PDF Translation Pipeline
Requires the
cargo build --release --features pdf
The PDF pipeline is the most complex format handler in TMT. Because PDFs encode text as positioned glyphs rather than editable strings, a full parse-rasterise-render cycle is required.
Pipeline Stages
1. Parsing (src/formats/pdf/parser.rs)
The parser walks the PDF content stream operator by operator, identifying text-drawing operators and extracting:
- The text string for each operator.
- The bounding box (
Bbox) — the page coordinates and dimensions of that text region. - Font information referenced by the operator.
This produces a list of TextBlock structs, each containing a bounding box and its original text.
2. Translation
Each TextBlock’s text is sent to TranslationService::translate_text.
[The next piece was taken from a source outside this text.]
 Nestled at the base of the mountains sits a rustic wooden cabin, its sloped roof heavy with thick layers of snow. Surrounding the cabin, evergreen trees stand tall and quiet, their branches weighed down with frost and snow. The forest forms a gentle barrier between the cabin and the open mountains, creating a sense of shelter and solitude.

Blocks are processed concurrently up to --concurrency in parallel.
3. Reconstruction (src/formats/pdf/reconstructor.rs)
For each page:
- The original page is rasterised to a bitmap at the configured
--dpi. This raster becomes the background image. - The background is JPEG-compressed at
--jpeg-qualityand embedded in the new PDF page. - White rectangles are drawn over each original text bounding box to blank out the source text on the background.
- The translated text is rendered at the same bounding box position using the font specified by
--font-path.
4. Font Management (src/formats/pdf/fonts.rs)
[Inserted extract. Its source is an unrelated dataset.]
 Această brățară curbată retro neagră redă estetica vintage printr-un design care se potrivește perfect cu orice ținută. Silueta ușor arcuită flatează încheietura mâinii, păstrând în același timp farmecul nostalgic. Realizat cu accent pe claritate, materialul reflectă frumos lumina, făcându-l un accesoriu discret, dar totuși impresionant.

Because translated Devanagari text cannot be rendered with a Latin font, a custom TrueType/OpenType font must be supplied via --font-path. The font manager loads the font, subsets it for the glyphs actually used, and embeds it in the output PDF.
Configuration Reference
| Flag | Effect on PDF pipeline |
|---|---|
--font-path | (required) Font used to render translated text |
--dpi | Resolution of the rasterised background (default: 96) |
--jpeg-quality | JPEG compression of background images (default: 85) |
--debug-bboxes | Draw red rectangles around all detected text regions |
Debugging Layout Issues
If translated text appears misaligned or bounding boxes are wrong:
- Run with
--debug-bboxesto visualise where the parser detected text regions. - Increase
--dpifor a higher-fidelity background that makes alignment easier to judge. - Check that the provided font contains the glyphs required for the target language.
Limitations
- PDFs with scanned/image-only pages contain no text operators; the parser will find nothing to translate on those pages.
- Complex ligatures or right-to-left scripts beyond Devanagari may not render correctly depending on the chosen font and the PDF rendering library’s shaping support.
- The rasterise-and-overlay approach means the output file size will typically be larger than the original.